- Spokesperson: Sarah Coats, Carrie Holliman, Jim Kapetanos, and Keith Mann
- Founded: 2 November 2006
- Dissolved: 3 November 2016
- Headquarters: Bexleyheath, Kent
- Ideology: Animal rights

Website
- The Animal Protection Party (archived)

= Animal Protection Party =

The Animal Protection Party (APP) was a political party founded in England in 2006 to represent an animal rights perspective. It stood four candidates in the 2010 general election. The party de-registered in 2016.

==2010 general election==
The APP stood in four constituencies in the May 2010 British general election, chosen because the sitting MP was viewed by the APP as representing the interests of people or industries that use animals.

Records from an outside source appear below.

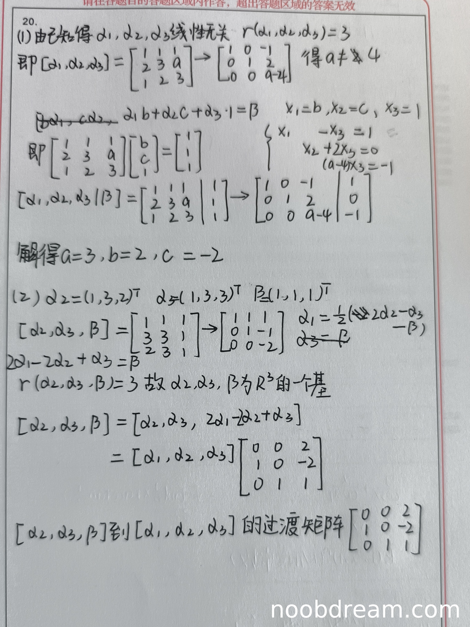 第一部分证明基:学生通过行变换得到秩为3,正确证明了α₂,α₃,β线性无关,得2分。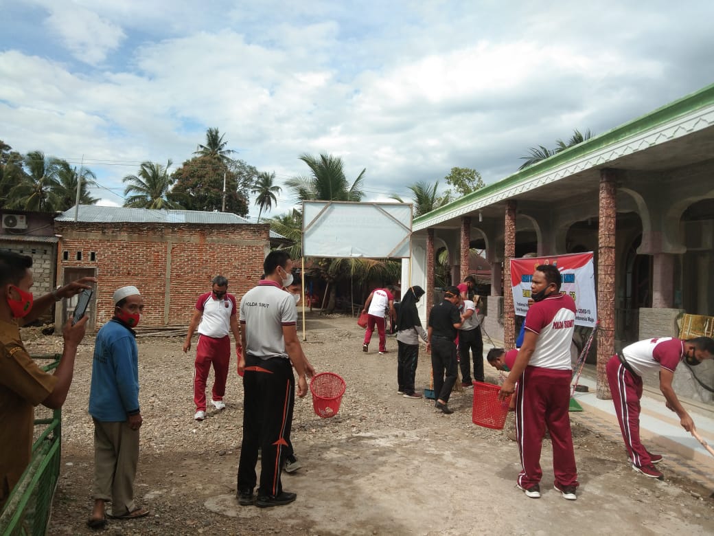 PALAS I Menjelang HUT ( Hari Ulang Tahun) Polri ke -75, tahun 2021 ini, Polres Padang Lawas ( Palas) menggelar kegiatan ( Giat) bakti sosial ( Baksos) melakukan pembersihan Masjid Jami Al Muhsinin, bersama masyarakat dan Pemerintah Desa ( Pemdes), di Desa Arse Simatorkis, Kecamatan Barumun, Selasa (29/6/2021) siang.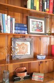 Your paneling should form the background for shelves instead of a thin piece of manmade material you see in some bookcases. Why hide pine’s beauty when you don’t need to? Bookshelves can have a formal frame around them or be flat boards supported by brackets. Either way, construct them with knotty pine wood and stain them the same color as the walls.

- Sarah Coats, a recycling company administrator, stood in Meon Valley, a new constituency where Wickham Laboratories is based. Coats received 255 votes (0.3%); the seat was taken by George Hollingbery for the Conservatives.
- Carrie Holliman (listed by the Electoral Commission as the party leader) stood in Huntingdon, where Huntingdon Life Sciences is based, against Conservative MP Jonathan Djanogly. She received 181 votes (0.3%). Djanogly held the seat.
- Jim Kapetanos stood in Vauxhall against the Labour MP Kate Hoey, chair of the Countryside Alliance, which promotes hunting. He received 96 votes (0.2%) and Hoey comfortably held the seat.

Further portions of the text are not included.